Pre-Calculated Metrics Summary:
  ├─ Piotroski F-Score: {X}/9 ({interpretation})
  ├─ Altman Z-Score: {X} ({zone})
  ├─ Quality Score: {X}/100
  └─ Red Flags: {N} | Green Flags: {N}

Experts to dispatch:
  ├─ Warren Buffett  (moat, owner earnings, FCF conversion)
  ├─ Ben Graham      (margin of safety, Z-Score, NCAV)
  ├─ Peter Lynch     (PEG, sustainable growth, trends)
  ├─ Cathie Wood     (disruption, gross profitability)
  ├─ George Soros    (reflexivity, sentiment)
  ├─ Ray Dalio       (cycles, stress testing, EVA)
  ├─ Michael Burry   (M-Score, accruals, forensics)
  ├─ Jim Simons      (quant factors, statistical patterns)
  └─ Robert Shiller  (CAPE, behavioral economics)

[REPRESENT] Expert contexts prepared from processing layer.

Actions:

  1. Validate ticker and data availability
  2. Use format_for_expert() to prepare expert-specific contexts
  3. Build the expert prompts with pre-calculated metrics
  4. Log the analysis plan

4.5 [IMPLEMENT] Phase (Full Mode Only)

Output to user:

═══════════════════════════════════════════════════════════
[IMPLEMENT] Dispatching expert analysts (parallel execution)
═══════════════════════════════════════════════════════════

[IMPLEMENT] → Spawning Warren Buffett analysis...
[IMPLEMENT] → Spawning Ben Graham analysis...
[IMPLEMENT] → Spawning Peter Lynch analysis...
[IMPLEMENT] → Spawning Cathie Wood analysis...
[IMPLEMENT] → Spawning George Soros analysis...
[IMPLEMENT] → Spawning Ray Dalio analysis...
[IMPLEMENT] → Spawning Michael Burry analysis...
[IMPLEMENT] → Spawning Jim Simons analysis...
[IMPLEMENT] → Spawning Robert Shiller analysis...

[IMPLEMENT] All 9 experts dispatched. Awaiting results...

Actions:

  1. Send single message with 9 parallel Task calls
  2. Wait for all responses
  3. Log progress as each completes

Post-dispatch output:

[IMPLEMENT] ✓ Warren Buffett complete (signal: {SIGNAL})
[IMPLEMENT] ✓ Ben Graham complete (signal: {SIGNAL})
[IMPLEMENT] ✓ Peter Lynch complete (signal: {SIGNAL})
[IMPLEMENT] ✓ Cathie Wood complete (signal: {SIGNAL})
[IMPLEMENT] ✓ George Soros complete (signal: {SIGNAL})
[IMPLEMENT] ✓ Ray Dalio complete (signal: {SIGNAL})
[IMPLEMENT] ✓ Michael Burry complete (signal: {SIGNAL})
[IMPLEMENT] ✓ Jim Simons complete (signal: {SIGNAL})
[IMPLEMENT] ✓ Robert Shiller complete (signal: {SIGNAL})

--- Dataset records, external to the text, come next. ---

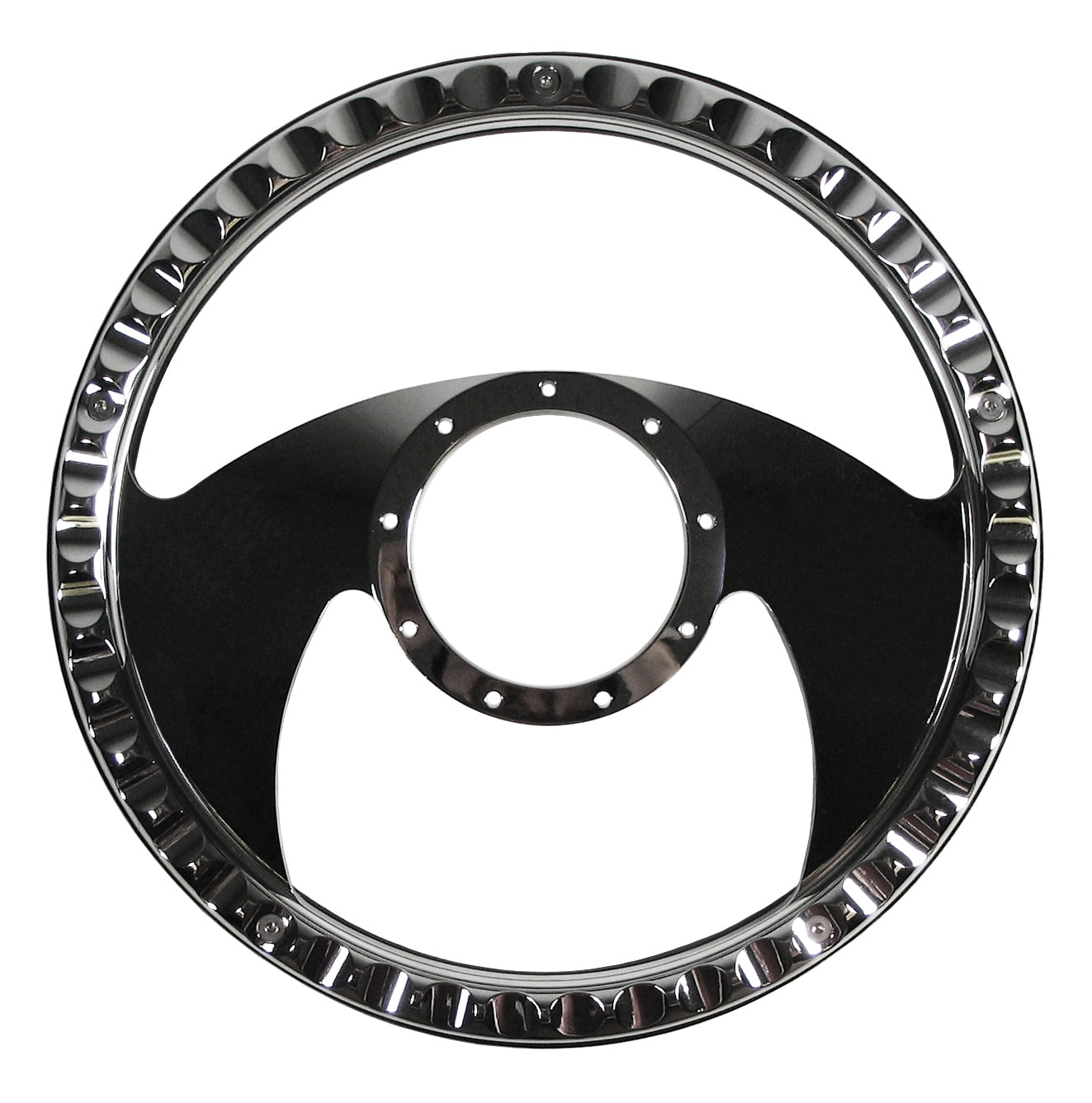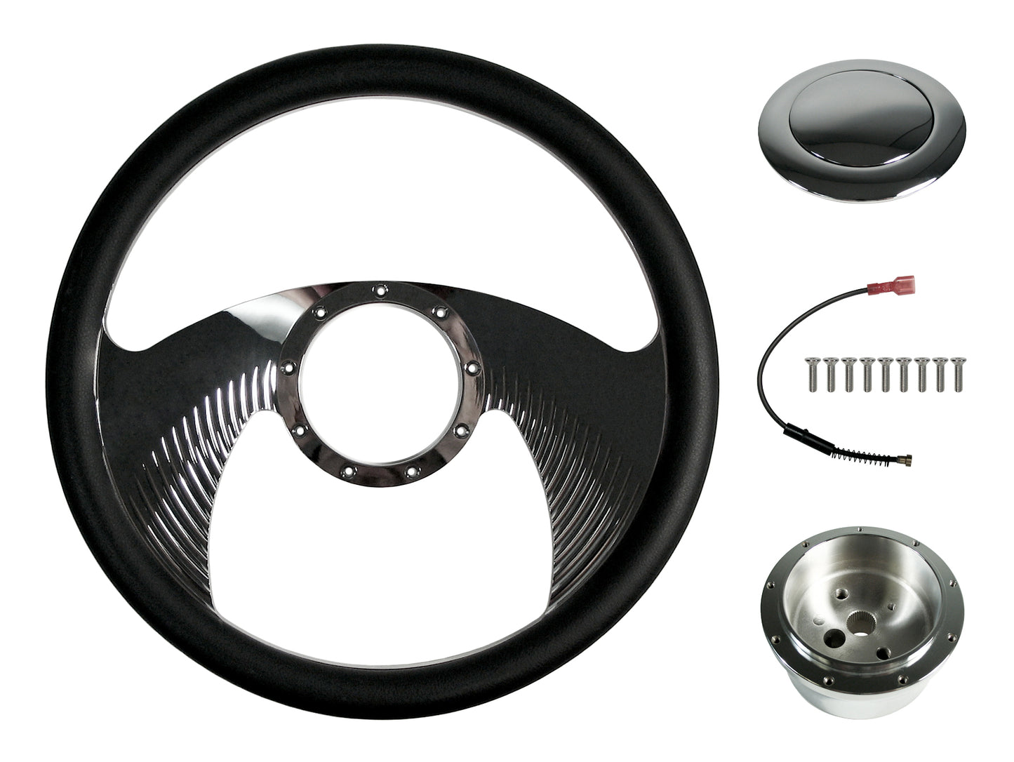 This stylish 14" inch steering wheel features a half wrap, leather grip design, 2" dish, and chrome plated billet aluminum spokes. Wheel has a 9-bolt mounting pattern requiring a hub adapter to install on your GM style column.
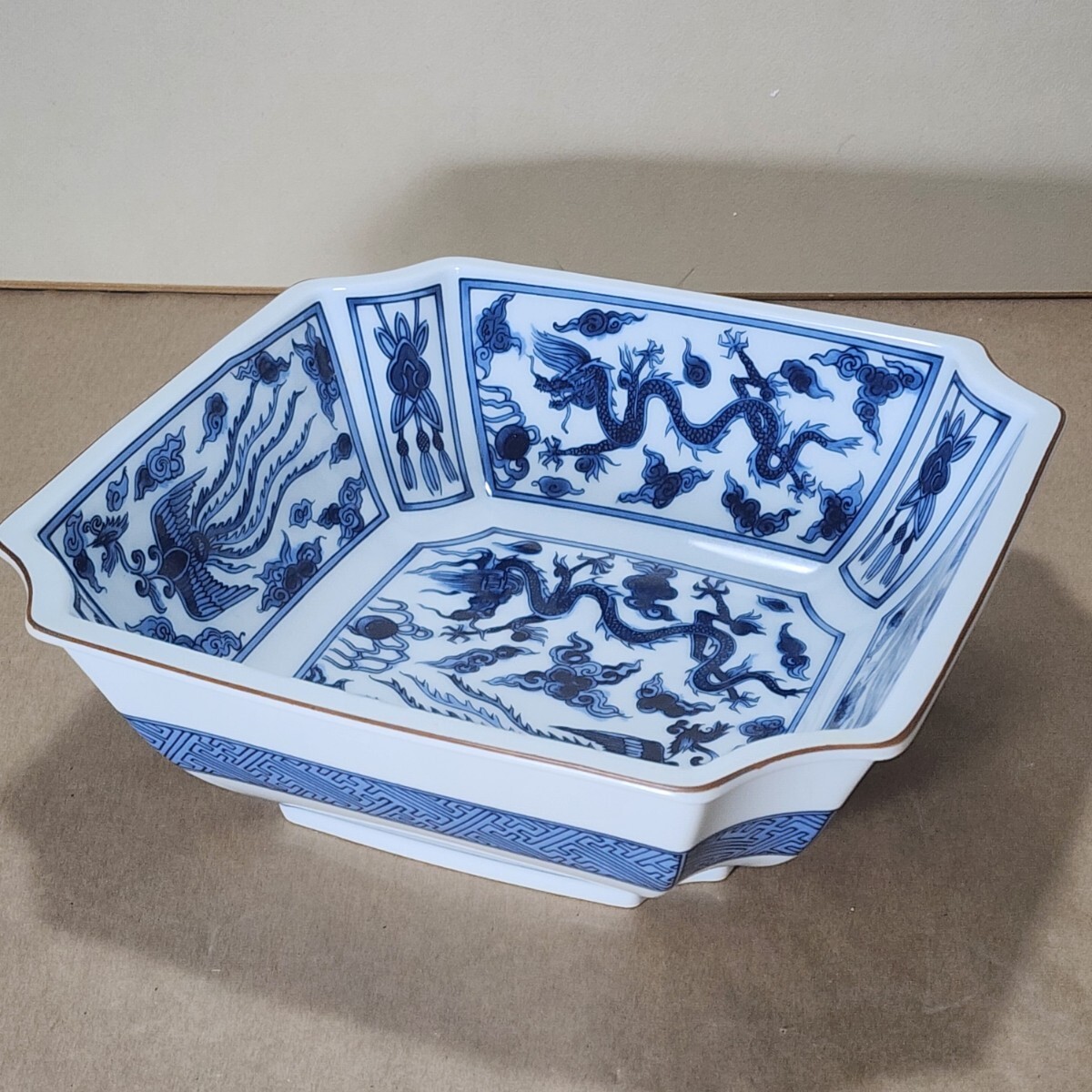 - ノリタケ 若宮 盛鉢 未使用 /龍/鳳凰/染付/隅入/角鉢/大鉢/乃りたけ/食器/陶磁器/
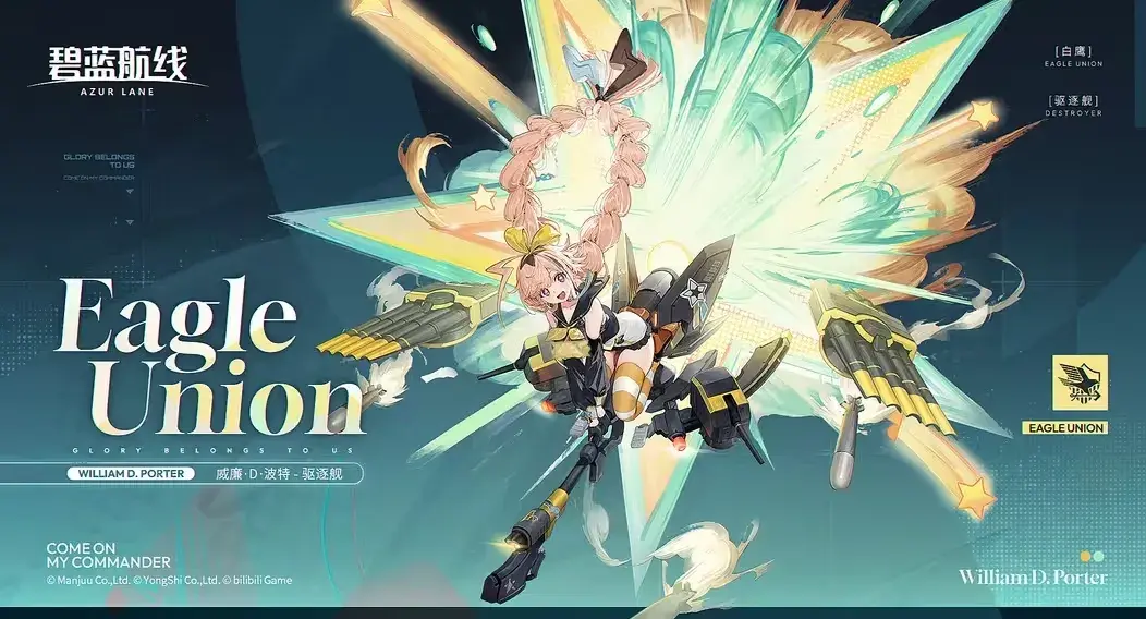 相比之下,另一位UR驱逐舰「威廉·D·波特」则将“活力”二字写在了脸上,如小魔女坐在扫帚上飞行一般活力满满的前冲姿态,搭配上爆发风格的背景图,再加上洋溢青春气息的水手服上衣与侧身那一片抓人眼球的白色......事实上,对指挥官们来说,威廉·D·波特也不是什么陌生面孔——开服至今,游戏加载条上那个跑条的角色剪影就是她。
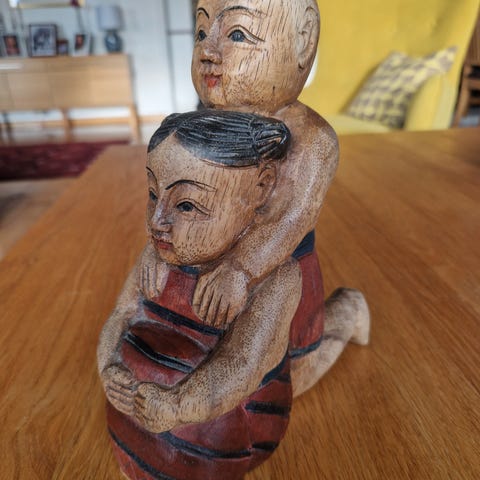 Sjarmerende og uttrykksfull dekorfigur med to figurer sittende sammen. Figuren har et varmt, humoristisk uttrykk og passer fint som hyllepynt, vitrineskap eller som en litt annerledes interiørdetalj.
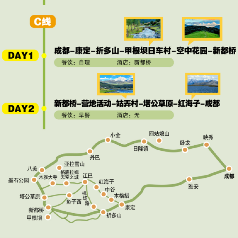 从成都市区出发,当天即可抵达甘孜新都桥、甲根坝等核心景区,无需多日奔波。行程设计充分考虑差旅人士的时间成本,2日游安排紧凑合理,既能欣赏“摄影天堂”新都桥、“空中花园”等绝美风光,又不影响后续工作安排,实现高效度假。
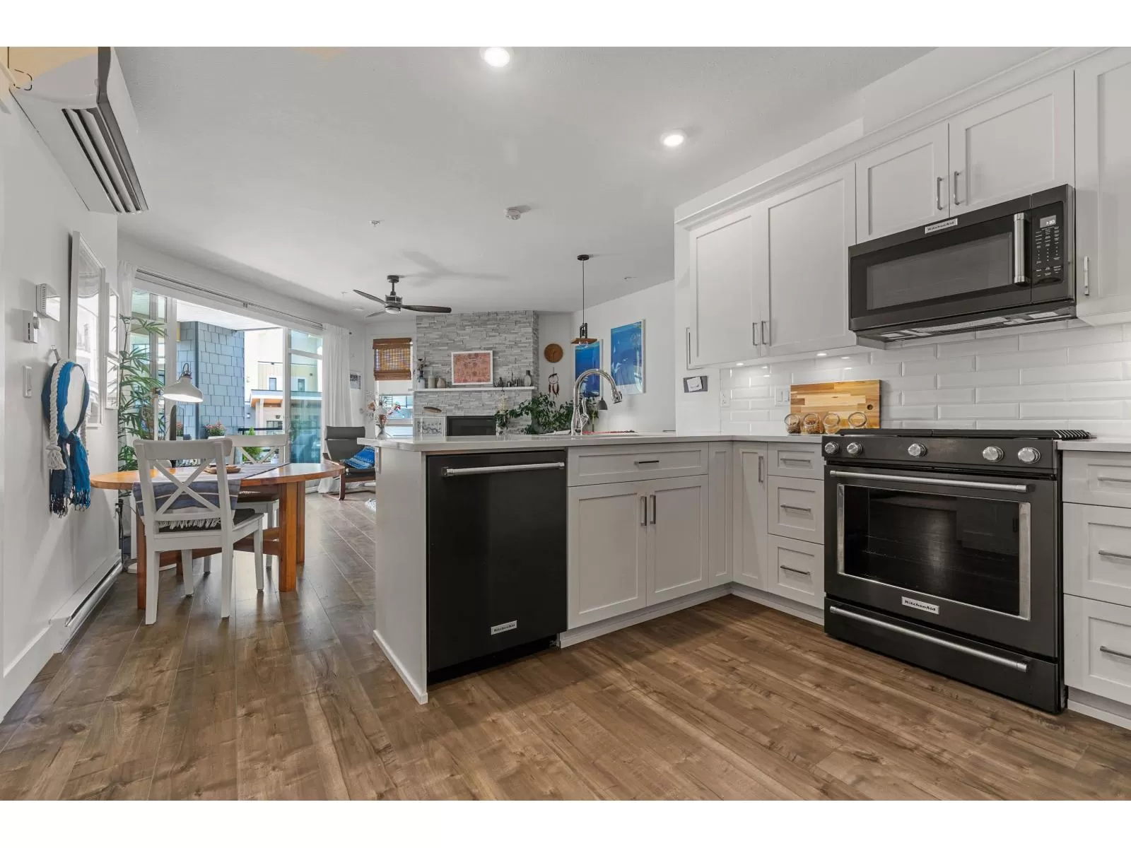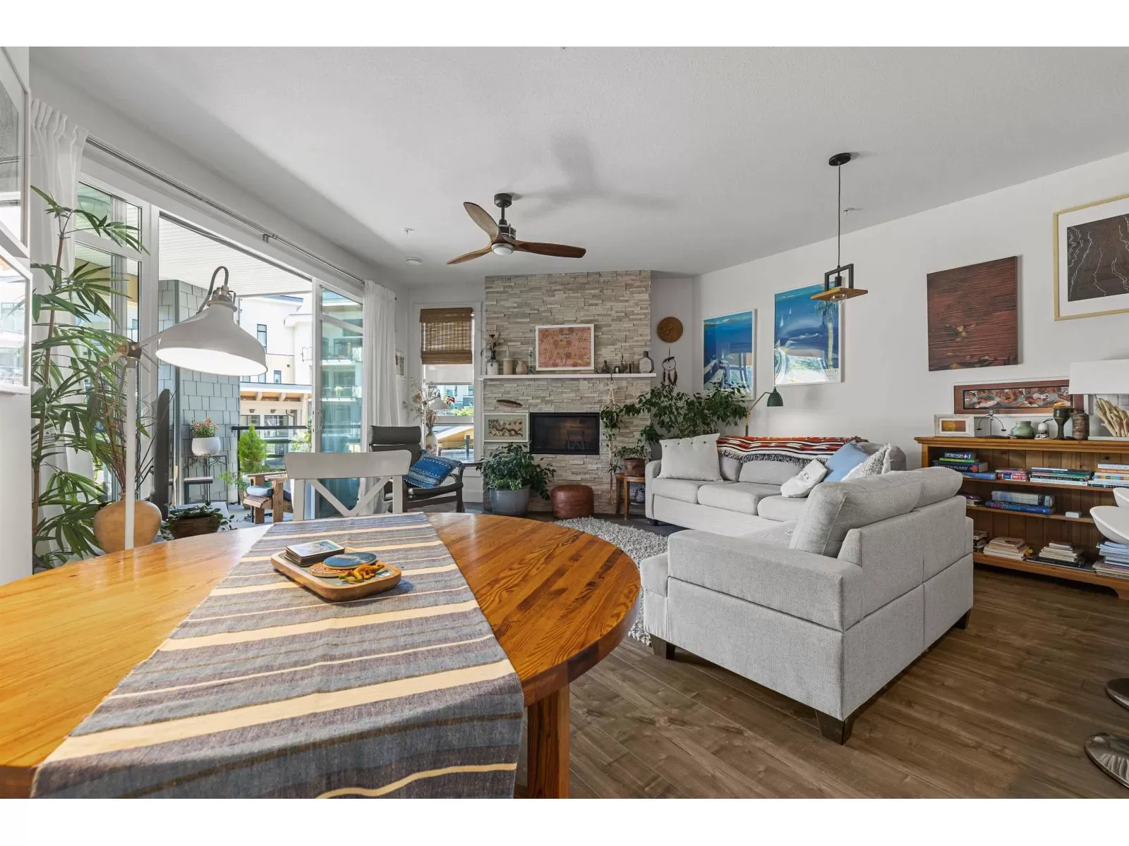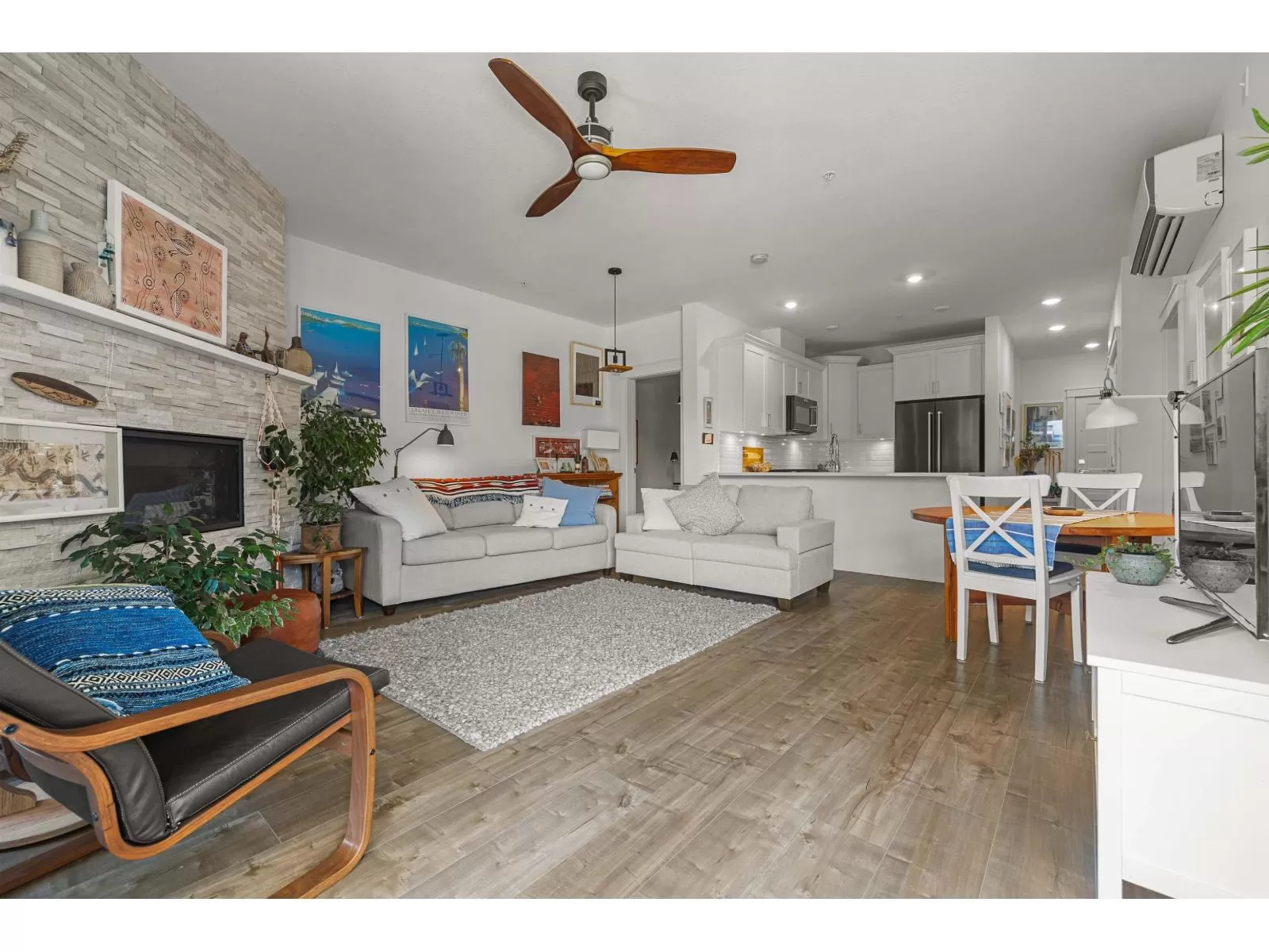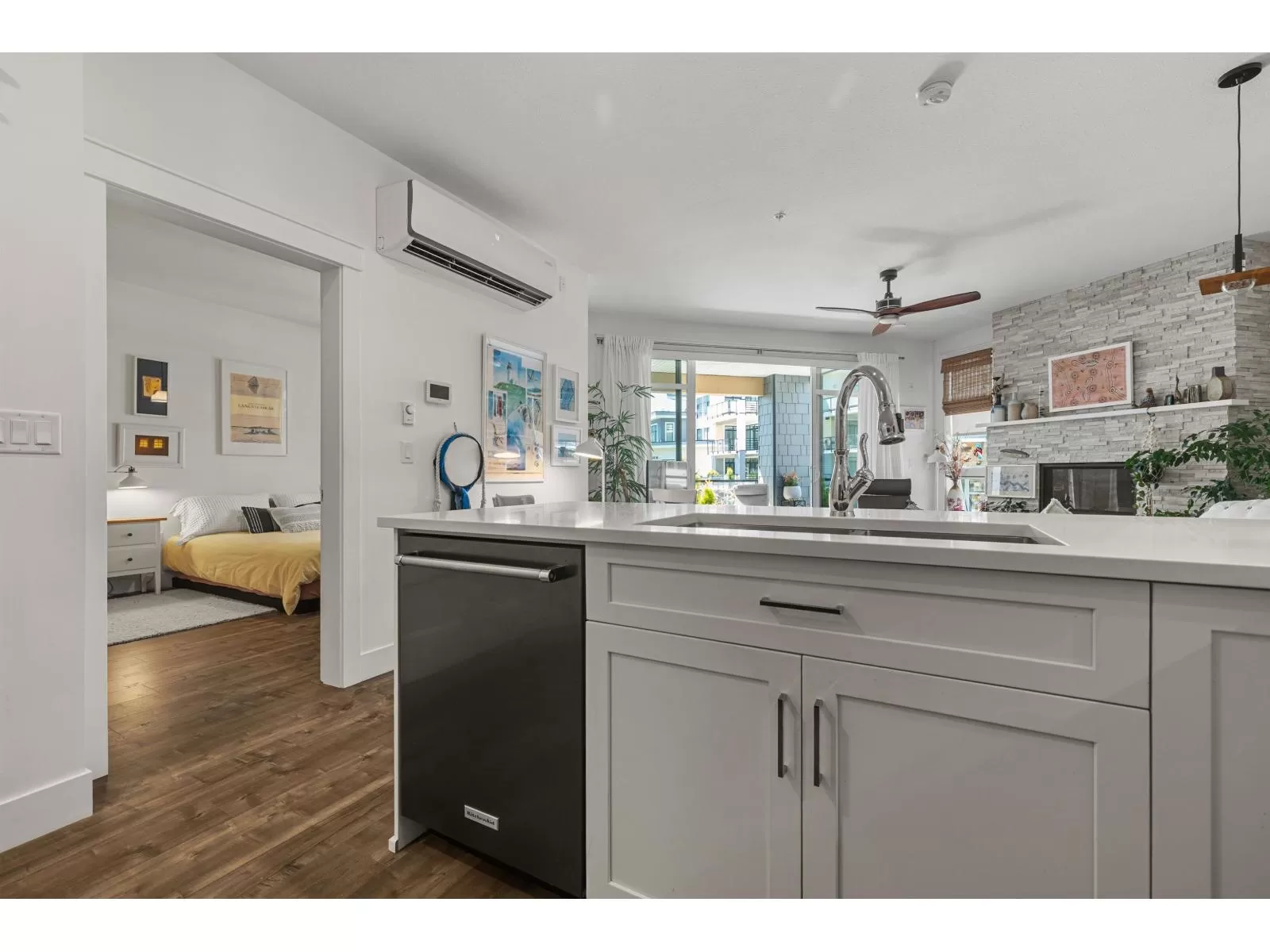 Flooded w/natural light, southern exposure, gorgeous oversized deck highlighting the sweeping views & a short 3 min walk to the Vedder River, you do not want to miss this stunning 1 bed, 1.5 bath & DEN condo w/1,082 sq ft in the coveted Rivers Edge neighborhood. Stunning finishes, airy feel, full laundry room, expansive kitchen, quartz countertops, black Kitchen Aid s/s appliances, gas stove, A/C, gas f/p, dining area & spacious living room taking advantage of the views. Enjoy easy living in this prime neighborhood where you can enjoy evening walks plus proximity to Garrison for shopping, restaurants & groceries. Pet friendly w/no size restrictions for dogs, low monthly strata fee, secured underground parking, visitor parking & storage locker; make this stunning condo your new home! (id:27476)

[IMPLEMENT] All expert analyses received.

4.6 [VALIDATE] Phase

Output to user:

═══════════════════════════════════════════════════════════
[VALIDATE] Cross-checking expert outputs
═══════════════════════════════════════════════════════════

[VALIDATE] Checking JSON schema compliance... {N}/9 valid
[VALIDATE] Checking for missing required fields... OK
[VALIDATE] Identifying contradictory assumptions...

Assumption Check:
  - Growth rate assumptions: Range {X%} to {Y%}
  - Valuation method disagreements: {N} found
  - Risk assessment divergence: {HIGH|MEDIUM|LOW}

[VALIDATE] Consensus strength: {STRONG|MODERATE|WEAK|DIVIDED}

Actions:

  1. Validate each expert's JSON output
  2. Check for required fields
  3. Identify contradictory assumptions
  4. Flag if consensus is suspiciously uniform (potential groupthink)

4.7 [EVOLVE] Phase

Output to user:

═══════════════════════════════════════════════════════════
[EVOLVE] Consolidating insights
═══════════════════════════════════════════════════════════

[EVOLVE] Signal distribution:
         Bullish:  {N} experts ({X}%)
         Neutral:  {N} experts ({X}%)
         Bearish:  {N} experts ({X}%)

[EVOLVE] Computing confidence-weighted consensus...
[EVOLVE] Building agreement matrix...
[EVOLVE] Aggregating risk factors...
[EVOLVE] Extracting common themes...
[EVOLVE] Computing price target consensus...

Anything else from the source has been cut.